This is clearly designed for a bladelock, which is fine. My preference for subclass design is to not limit other choices (if you took a Tome with this patron... well you'd never take a Tome with this patron, see what I mean?) but since Hexblade is a thing I can't complain.

It's funny that you say that. I definitely designed it to function well in melee (Vampires ARE the kind of baddie to get in your face), which indeed lends itself well to Pact of the Blade. However, the player currently helping me playtest it picked Pact of the Tome, with shillelagh and booming blade. When he has a spell slot to spare he's used vampiric touch to devastating effect.

None of the abilities call out a melee weapon attack, just a melee attack, so they work with melee attack spells too.

The Cats
2017-08-08, 05:15 PM
"No one would ever pick pact of the tome with this!"

>Be the only player to ever play using this patron
>Picks pact of the tome

I'll just be over here sitting on this cactus.

DracoKnight
2017-08-08, 05:21 PM
"No one would ever pick pact of the tome with this!"

>Be the only player to ever play using this patron
>Picks pact of the tome

I'll just be over here sitting on this cactus.

I recommended to them to avoid PotTome, because like you said, I thought it wouldn't be very good for the Patron, but Booming Blade makes sure that monsters don't move away, so he can keep getting that THP, or they take extra damage.

Beechgnome
2017-08-08, 07:35 PM
I recommended to them to avoid PotTome, because like you said, I thought it wouldn't be very good for the Patron, but Booming Blade makes sure that monsters don't move away, so he can keep getting that THP, or they take extra damage.

Vampire Lord is awesome.
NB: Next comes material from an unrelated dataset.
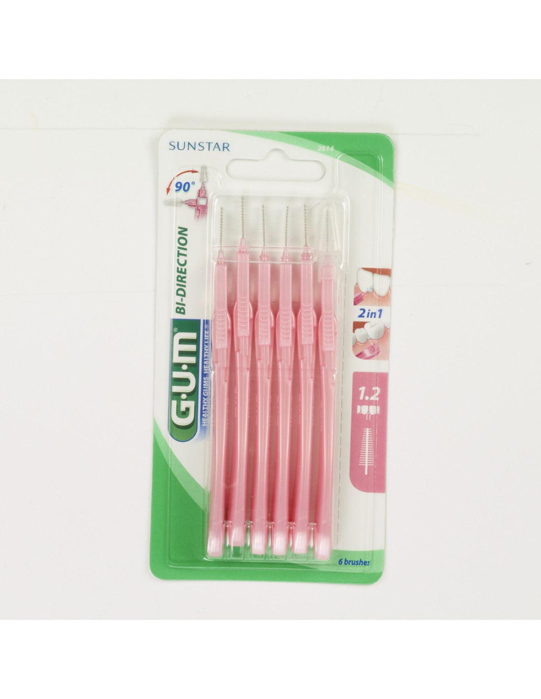 👂 Raggiungere i denti posteriori con uno scovolino tradizionale può essere una vera impresa. Il GUM Bi-Direction 1,2 mm risolve tutto con un'idea brillante: la testina ruota di 90° scattando in due posizioni, dritta per i denti anteriori e ad "L" per i posteriori.

It's more the flavor of what I wanted Undying/Raven Queen to be. That last invocation should be level 12 not 11 though.

DracoKnight
2017-08-08, 07:39 PM
Vampire Lord is awesome. It's more the favor of what I wanted Undying/Raven Queen to be. That last invocation should be level 12 not 11 though.

I'm pleased to hear that you like it! :smallbiggrin:

Hmmmm...you're probably right.

Requiemforlust
2017-08-09, 03:26 AM
It's more the flavor of what I wanted Undying/Raven Queen to be.

Both of those patrons are prime examples of wasted potential.

Beechgnome
2017-08-09, 01:18 PM
Anyone have thoughts on how to make my Path of Silent Fury better?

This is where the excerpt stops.